Source material:
· · · · ·

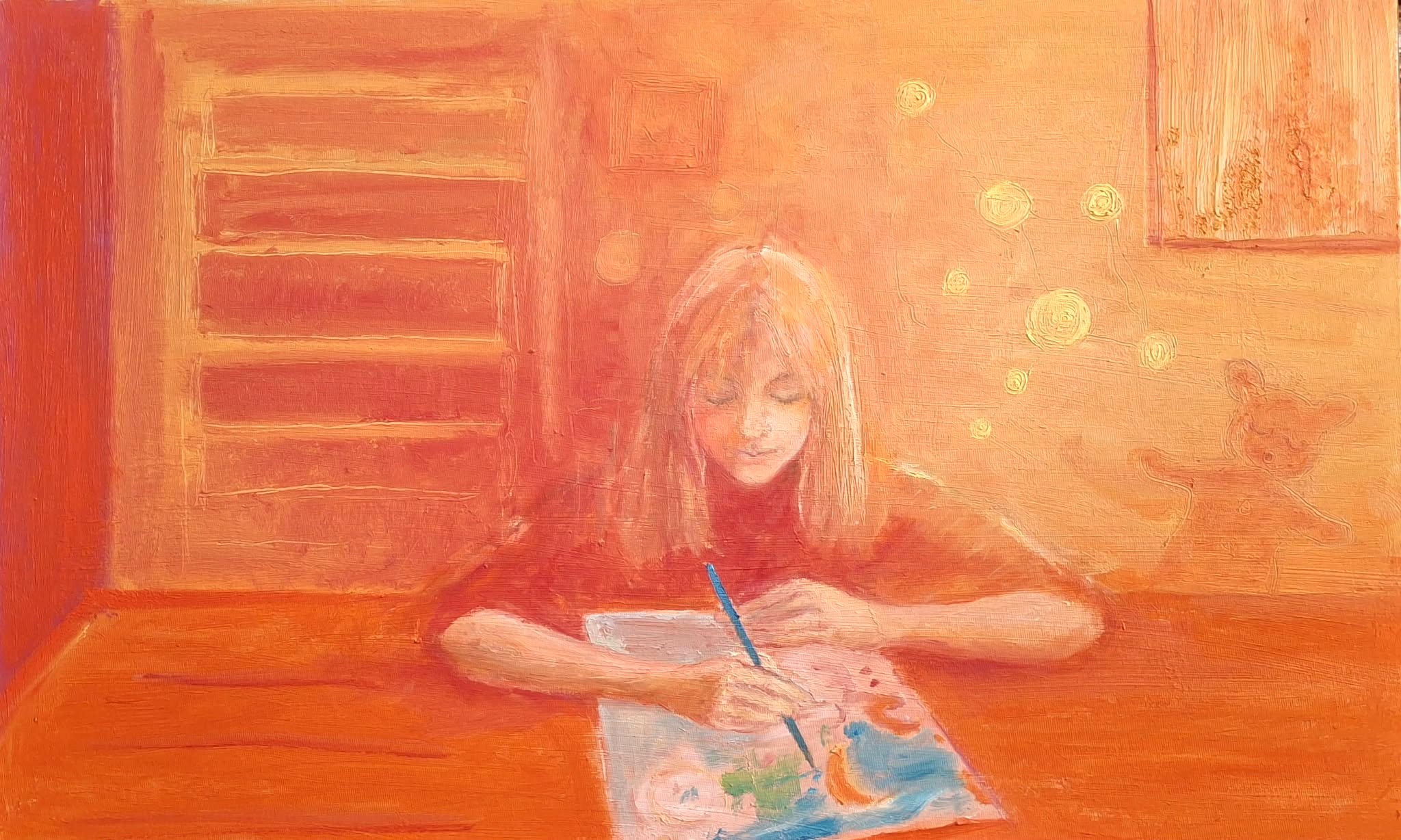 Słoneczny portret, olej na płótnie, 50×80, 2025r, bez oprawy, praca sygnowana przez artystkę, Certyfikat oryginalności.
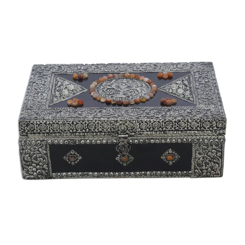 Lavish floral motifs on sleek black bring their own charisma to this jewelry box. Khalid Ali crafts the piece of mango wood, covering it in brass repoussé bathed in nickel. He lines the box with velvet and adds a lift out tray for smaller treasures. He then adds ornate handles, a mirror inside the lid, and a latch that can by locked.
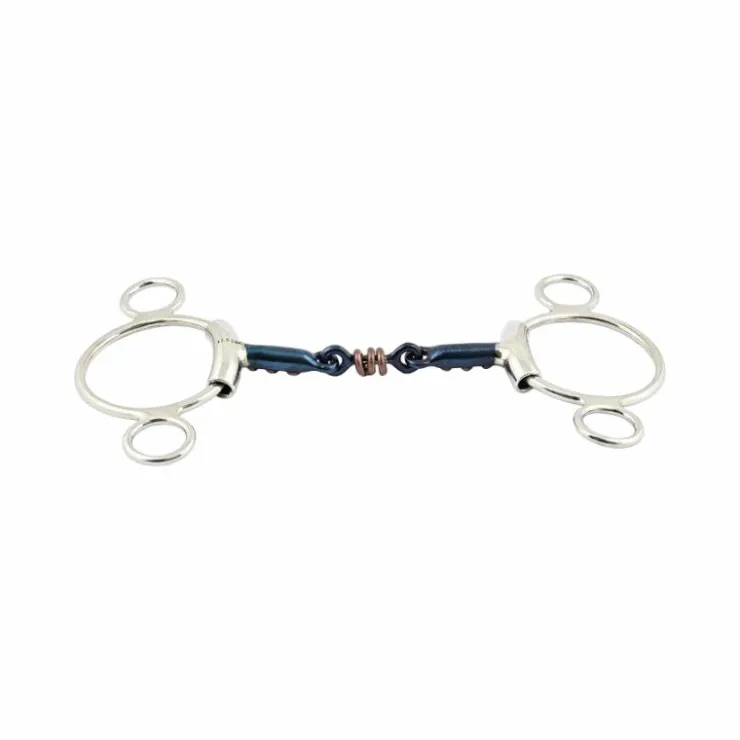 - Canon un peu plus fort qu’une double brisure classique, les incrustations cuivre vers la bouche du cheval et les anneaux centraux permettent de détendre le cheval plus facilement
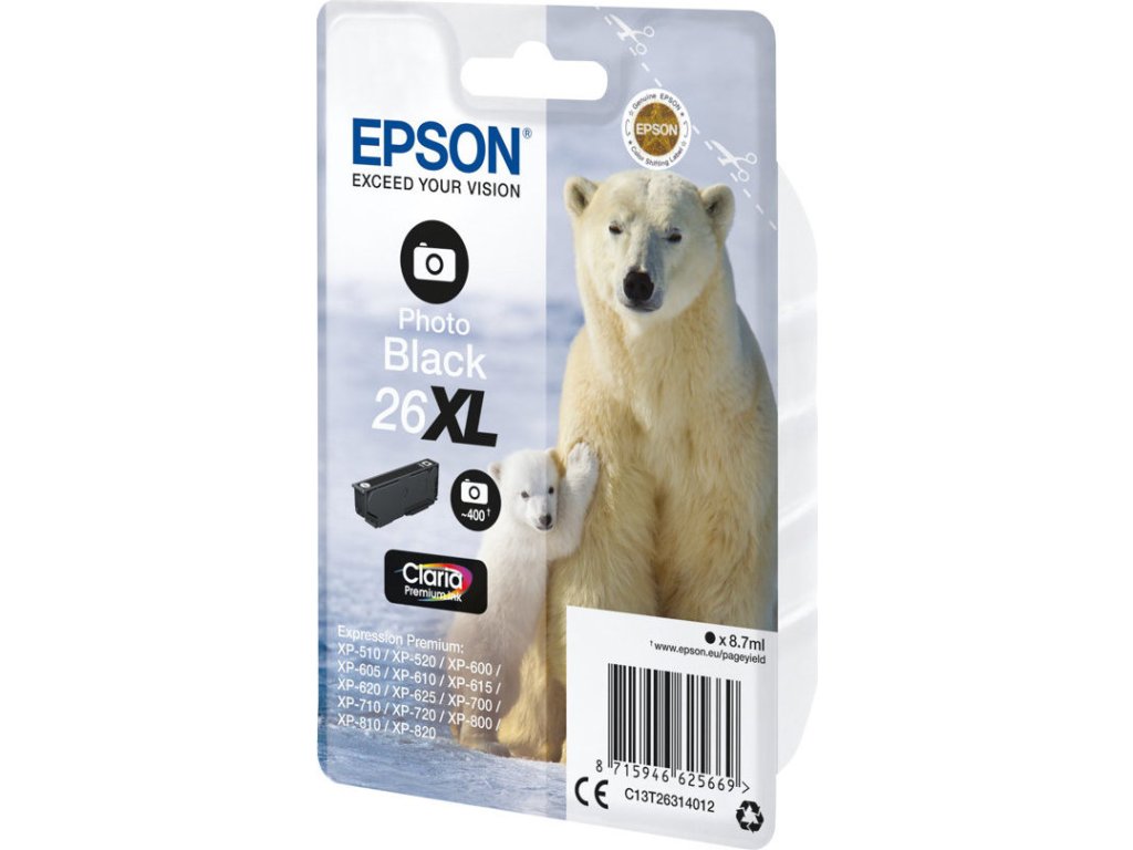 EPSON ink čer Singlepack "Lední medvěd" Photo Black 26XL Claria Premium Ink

· · · · ·

Return all of the material precisely as written. No picture belongs in it.

Response area:
 Słoneczny portret, olej na płótnie, 50×80, 2025r, bez oprawy, praca sygnowana przez artystkę, Certyfikat oryginalności.
 Lavish floral motifs on sleek black bring their own charisma to this jewelry box. Khalid Ali crafts the piece of mango wood, covering it in brass repoussé bathed in nickel. He lines the box with velvet and adds a lift out tray for smaller treasures. He then adds ornate handles, a mirror inside the lid, and a latch that can by locked.
 - Canon un peu plus fort qu’une double brisure classique, les incrustations cuivre vers la bouche du cheval et les anneaux centraux permettent de détendre le cheval plus facilement
 EPSON ink čer Singlepack "Lední medvěd" Photo Black 26XL Claria Premium Ink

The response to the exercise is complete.